Wisthia looked at her only living son, and again repressed the surge of sorrow for what might have been, what never could be. The truth was, they had nothing to say to one another. After his birth he’d been locked into the Marlovan way of upbringing as had her first son, who had willfully pulled away from her to embrace his uncle’s war teachings. The prospect of enduring that rejection yet again had caused her to avoid Evred once his Marlovan education had begun; consequently he had grown up regarding her as a benevolent but distant figure, removed from any of his concerns.
Both wanted it to be different, but it wasn’t.
So she said, “I will stay to see you take your place as king. For my own pleasure, and because I think it right. I will depart directly after. But I have a last pair of requests before I prepare for that departure.”
“Please speak,” he said, courteous and remote to her as always.
Hadand, acutely sensitive to every shade and timbre of his voice, heard the regret that he would rather have hidden.
“I would like to take Hadand with me, for a visit.”
“Me?” Hadand exclaimed.
“To preside in her place here, I would have you invite Fareas-Iofre of Choraed Elgaer.”
“My mother?” Hadand whispered; then she closed her mouth, thinking, Mother never leaves Tenthen Castle. The next thought was: Would she if she could?

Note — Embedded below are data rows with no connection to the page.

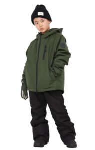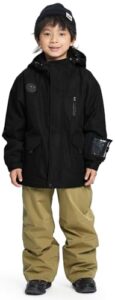 スノーボードウェア キッズ ジュニア 女の子 男の子 上下セット 超撥水YUK サイズ調節可 子供 耐水圧10000mm 撥水加工 ユック スキーウエア スノボ スノーウェア【yk25wi299bwc】 160cm カーキ/ブラック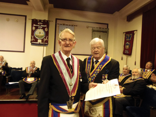 W. Bro. Neil Emmett Being Presented with his Patent by W. Bro. Bob McGown |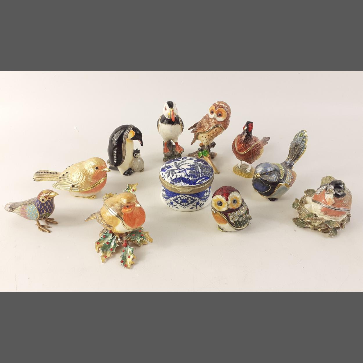 A collection of ARORA 2015 HIDDEN TREASURES birds including an owl, puffin, penguin, plus an ORCHID DESIGNS bluetit and robin as well as unnamed pheasant, robin, bluetit and owl and a charming cloisonne bird and a willow pattern pill box 6cm dia approx. Tallest bird approx 9cm high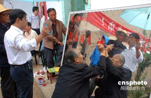 9月25日下午, 在山西運城市鹽湖區(qū)安邑街道辦事處楊家卓村景海鵬的老家,前來到賀喜的親戚朋友和當?shù)卣斫j繹不絕。中新社發(fā) 張雷杰 攝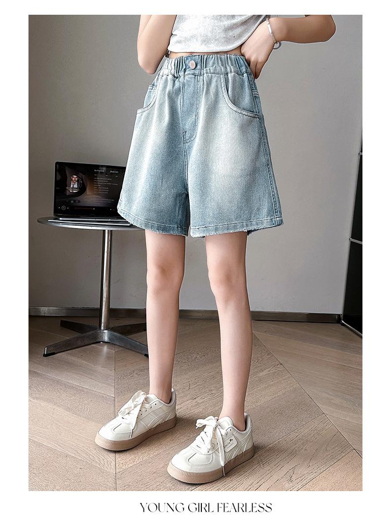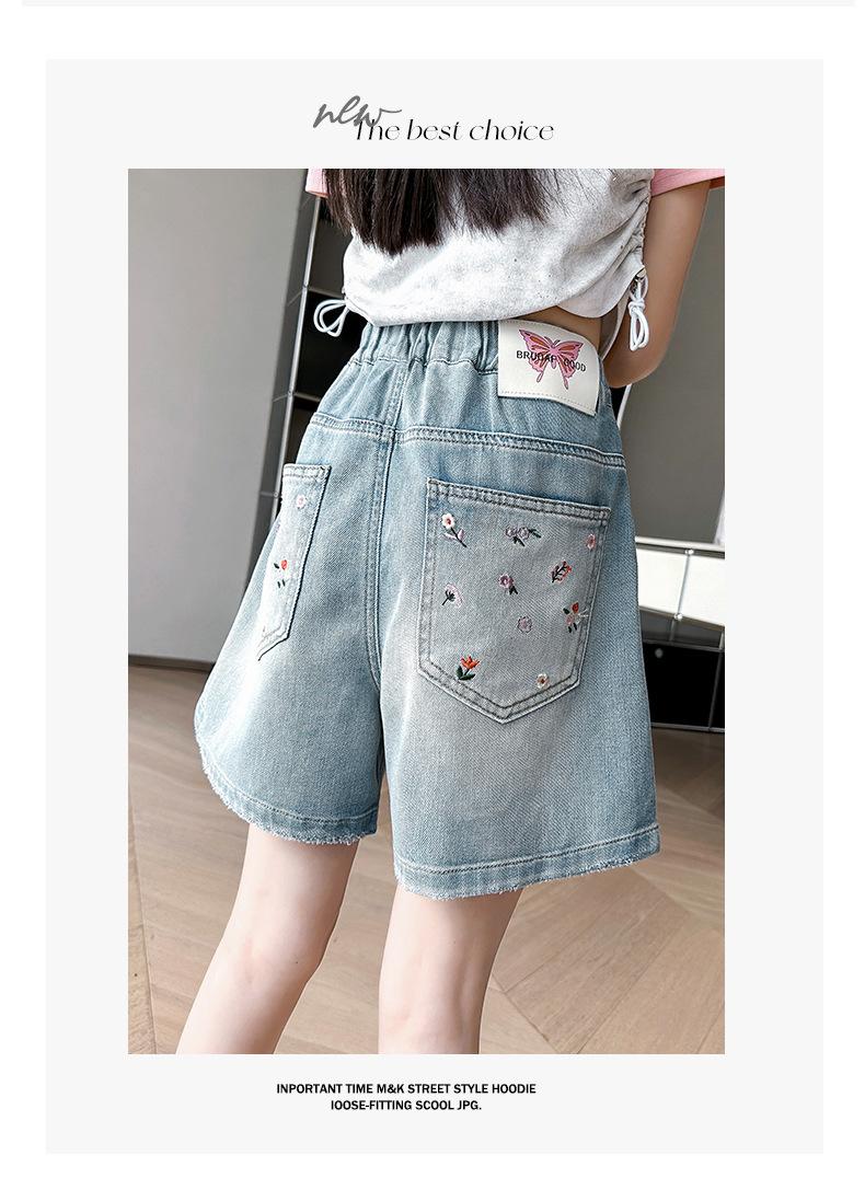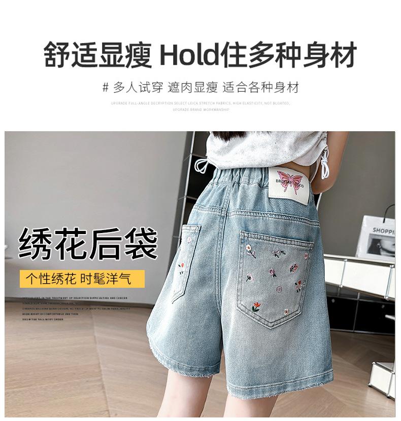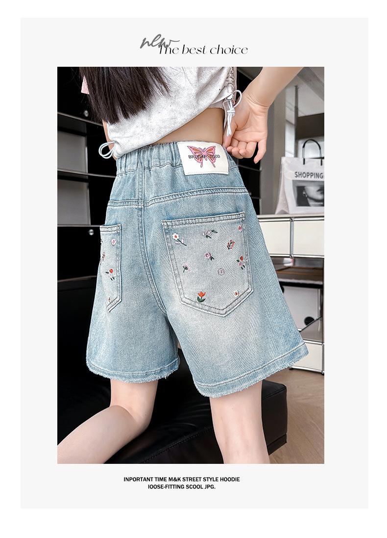 Shorts de mezclilla para niña Verano Delgados 2025 Nuevos Pantalones cortos de verano para niños Bolsillo para niños grandes Pantalones bordados

Evred opened his mouth to deny the request as impossible, but the queen forestalled him. “Think on it for a time, my son.” She added with a wry smile, “I know that your negotiations with my brother for the treaty renewal have stalled.”
Evred and Hadand could not prevent reactions of surprise, subtle as they were: no more than his putting his hands behind his back, and her eyes turning upward to his, but Wisthia saw these things. “I have stayed most straightly out of Marlovan affairs, for your late uncle negotiated specifically for my noninterference when I first came here, but I cannot help knowing a little of what concerns my homeland.”